Anderson University's plan for football big on ideas, short on details

Editor's Note: For full disclosure, I feel I should mention I was a student at Anderson University my first two years of undergraduate work. I also spent some time covering their athletics department as a professional writer. 

The game of football is getting a new team in South Carolina.

On October 4, Anderson University announced plans to start a program during a press conference at the school. Here is a link to the full video.

The school received a $3 million challenge gift from Dr. Melvin Younts, with the goal set to match that total for a $6 million total investment and a hopeful first season set for 2024.

What is currently known is that the team will compete in the South Atlantic Conference (SAC), a Division II conference including Carson-Newman, Wingate, Lenior-Rhyne, Mars Hill, Newberry, Tusculum and Catawba.

Football will also be the second of two men's sports, joining lacrosse which will start in 2021.

This news likely won't shake the ground of the major college football world. The small school with an enrollment of nearly 3,000 is tucked away in the historic district of Anderson, S.C. It does make Anderson the second school in western South Carolina to announce plans to field a team, joining Erskine.

Erskine announced it was reinstating its program with a planned start in 2020.

This is a positive for local Upstate high school players, giving them another avenue to continue their playing careers and open doors academically. There are 15 high school programs in a three-county area within roughly an hour of the school, not including Greenville County to the east and Abbeville and Laurens counties to the south.

There is a fertile recruiting ground right in the school's backyard it would be wise to build its team around, at least initially to get local support.

Also, this gives the school a chance to eventually infuse its athletic department with more money that will ideally not only support the football team, but also trickle to the "non-revenue" sports and help those athletes with better equipment, facilities and coaching.
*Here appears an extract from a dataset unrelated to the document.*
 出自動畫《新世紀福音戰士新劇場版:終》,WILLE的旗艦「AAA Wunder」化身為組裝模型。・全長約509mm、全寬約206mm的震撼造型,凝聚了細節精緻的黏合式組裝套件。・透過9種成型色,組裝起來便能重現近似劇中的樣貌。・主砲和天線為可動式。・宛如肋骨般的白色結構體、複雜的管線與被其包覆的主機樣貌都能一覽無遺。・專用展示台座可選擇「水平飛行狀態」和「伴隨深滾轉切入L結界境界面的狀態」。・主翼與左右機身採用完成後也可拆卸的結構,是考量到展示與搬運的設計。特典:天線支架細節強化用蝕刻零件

While there are positives to starting a program, there are plenty of logistical questions that need to be answered in the months moving forward.

For one, where do you put the extra students? The campus is already bursting at the seams and is  landlocked for on-campus expansion. The town of Anderson's apartments aren't currently targeted to students.
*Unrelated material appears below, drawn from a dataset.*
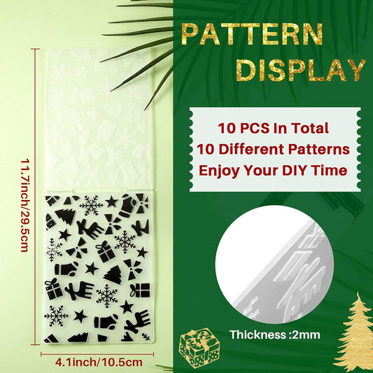 10 Pieces Christmas Embossing Folders Snowflake Deer Leaves Stencil Template DIY Craft Background Embossing Folders for Card Making Photo Album Scrapbooking Decoration

That could change with investment, but that takes an influx of capital and time.

Another non-football issue is how does the addition of two male sports effect Title IX? This addition should put men's scholarship numbers far ahead of women's. Could we see the addition of one or two more female sports?

To me, adding more women's sports is a positive, but that carries more logistical issues and more investment.

 The news of the addition also comes just three years after the school discontinued its wrestling program.

From a football standpoint, the logistics questions are the usual ones when it comes to starting a program: When will a coach be hired? Where will you play home games? How much will equipment costs run? Where will the money come from to compensate travel?

Many of those I imagine will be funded with the projected $6 million investment.

But if $6 million is the cost to start, how much money is needed to maintain and grow?

These are just some of the questions the school must answer either with themselves, or the community, moving forward.

One need only look down the road to Presbyterian College as a cautionary tale.  That program is looking to transition to a non-scholarship program after the last few seasons of financial trouble.

Granted, Presbyterian is smaller, with nearly a third the student body as Anderson but were in the Big South, a Division I level conference.

There are also two examples of success in the near area, with Newberry and North Greenville. Both smaller student-bodies than Anderson with limited funds, but both have fielded successful to semi-successful programs.

Newberry of course has been a mainstay in the South Atlantic while North Greenville has been in the Gulf South Conference, also a Divison II-level group. Furman and Wofford, private schools just like Anderson, have also had success, but those two programs have each been around since 1889.

There are a lot of positives to starting a football program at a university. There are also a lot of details that have to be ironed out.

Right now, answers for those details are not known.